- Assigned task
Lines from the one containing "鸿荣源壹城中心项目宗地内配建" through the final line of the data, restated word for word and free of pictures, make up the whole answer.

- Task material
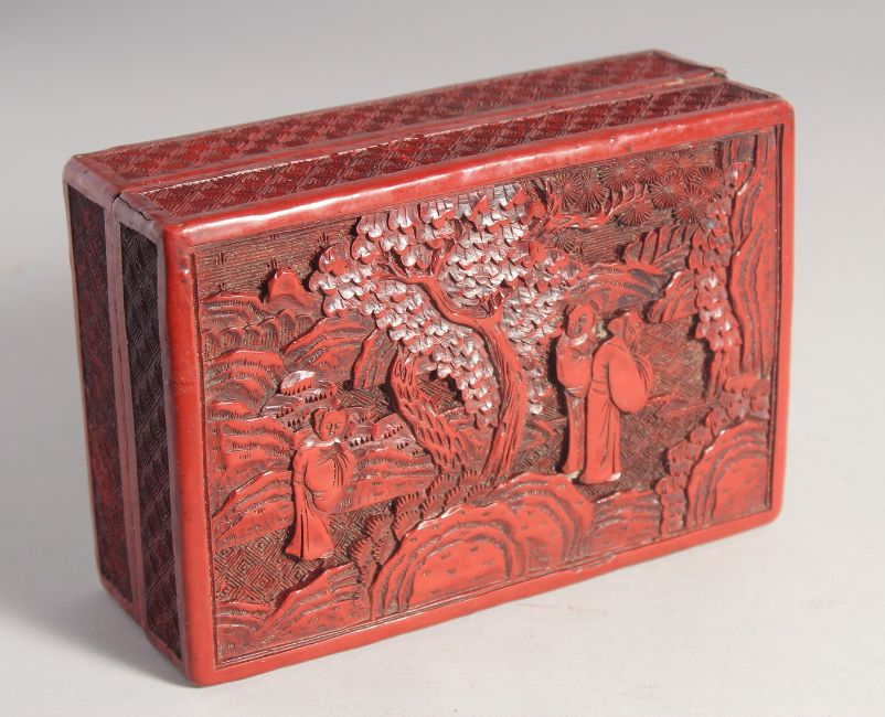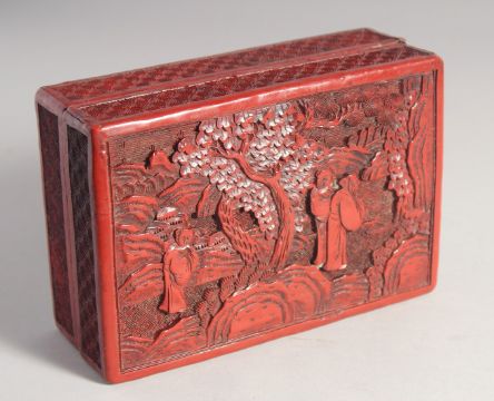 A CHINESE CINNABAR LACQUER RECTANGULAR BOX, the lid decorated with figures in an outdoor setting, 17.5cm x 12cm.
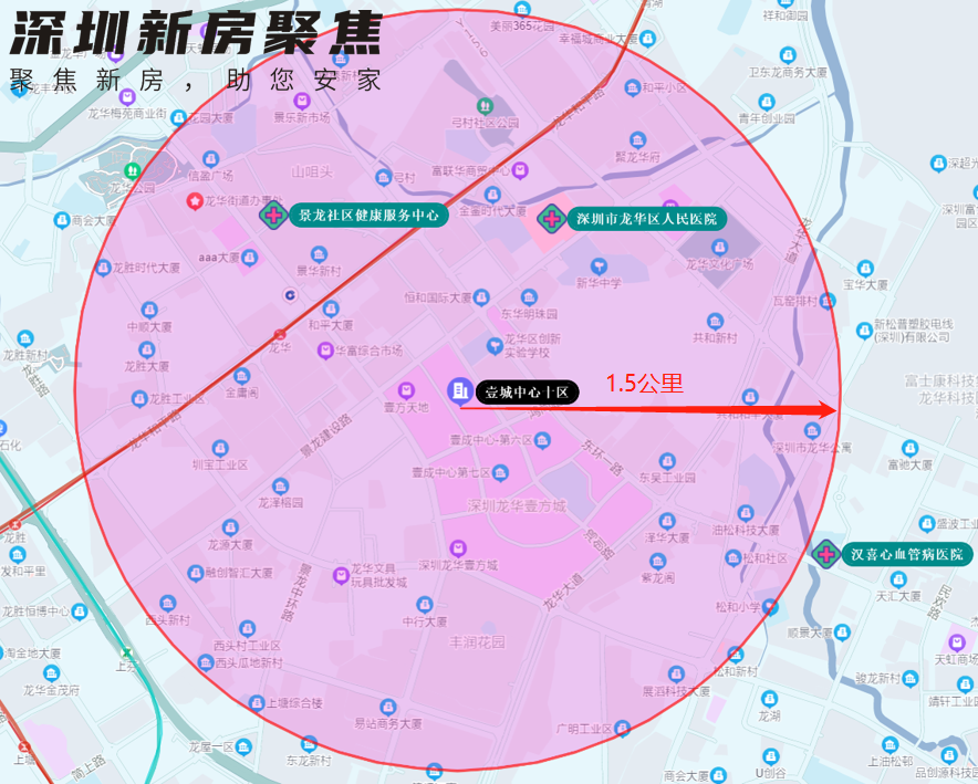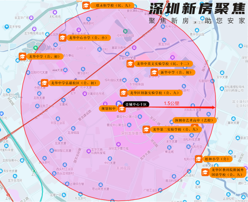 鸿荣源壹城中心项目宗地内配建有3所幼儿园,2所公立九年制学校、另外10区东南侧施工工地规划的是1所公立初中学校和1所幼儿园学校。除此之外项目周边教育资非常丰富,1.5公立范围内还分布有新华中学、龙华中英文实验、龙华中学弘毅校区、龙华中心小学等学校。
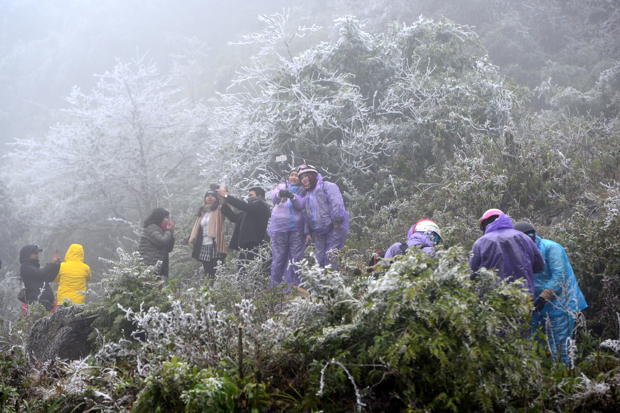 | Sáng 17/12, đỉnh Ô Quy Hồ tràn ngập cảnh băng bao phủ. Hai bên đường xuất hiện nhiều người từ thị trấn Sapa đi ôtô, xe máy lên chụp ảnh. |
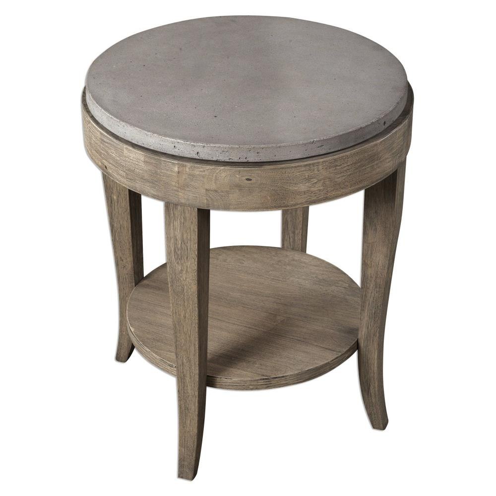 A Casual Farmhouse Inspired Accent With Birch Wood Veneer, Finished In A Natural Brown Glaze With A Solid Poured Concrete Surface Top.
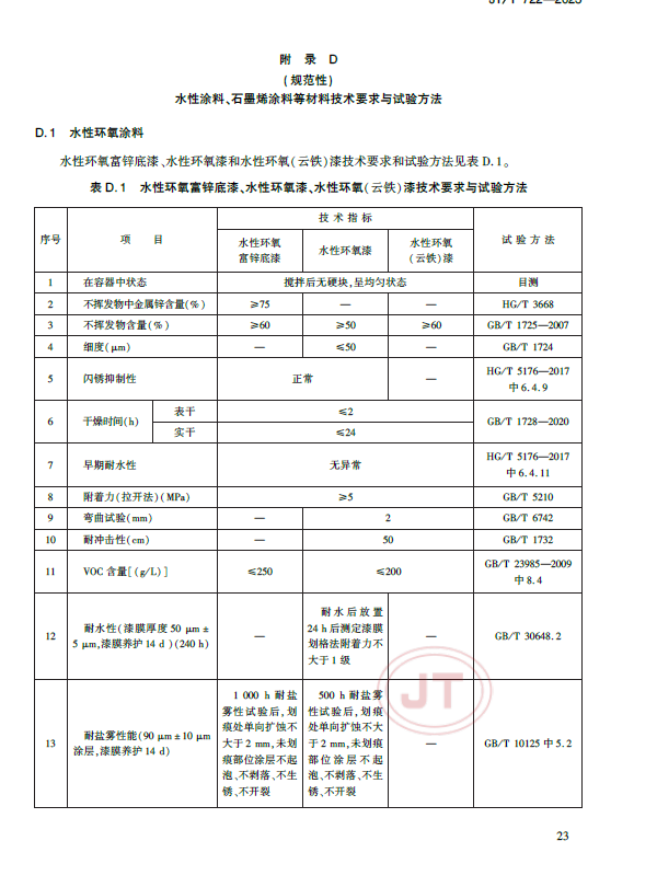 (九)附錄 D,增加了水性涂料、石墨烯涂料等材料技術要求與試驗方法。增加了規(guī)范性附錄D,對水性涂料、石墨烯涂料等新型材料的技術要求與試驗方法做了詳細、具體的規(guī)定,有助于提升新產(chǎn)品在工程實踐中的可靠性。

- Reply
 鸿荣源壹城中心项目宗地内配建有3所幼儿园,2所公立九年制学校、另外10区东南侧施工工地规划的是1所公立初中学校和1所幼儿园学校。除此之外项目周边教育资非常丰富,1.5公立范围内还分布有新华中学、龙华中英文实验、龙华中学弘毅校区、龙华中心小学等学校。
 | Sáng 17/12, đỉnh Ô Quy Hồ tràn ngập cảnh băng bao phủ. Hai bên đường xuất hiện nhiều người từ thị trấn Sapa đi ôtô, xe máy lên chụp ảnh. |
 A Casual Farmhouse Inspired Accent With Birch Wood Veneer, Finished In A Natural Brown Glaze With A Solid Poured Concrete Surface Top.
 (九)附錄 D,增加了水性涂料、石墨烯涂料等材料技術要求與試驗方法。增加了規(guī)范性附錄D,對水性涂料、石墨烯涂料等新型材料的技術要求與試驗方法做了詳細、具體的規(guī)定,有助于提升新產(chǎn)品在工程實踐中的可靠性。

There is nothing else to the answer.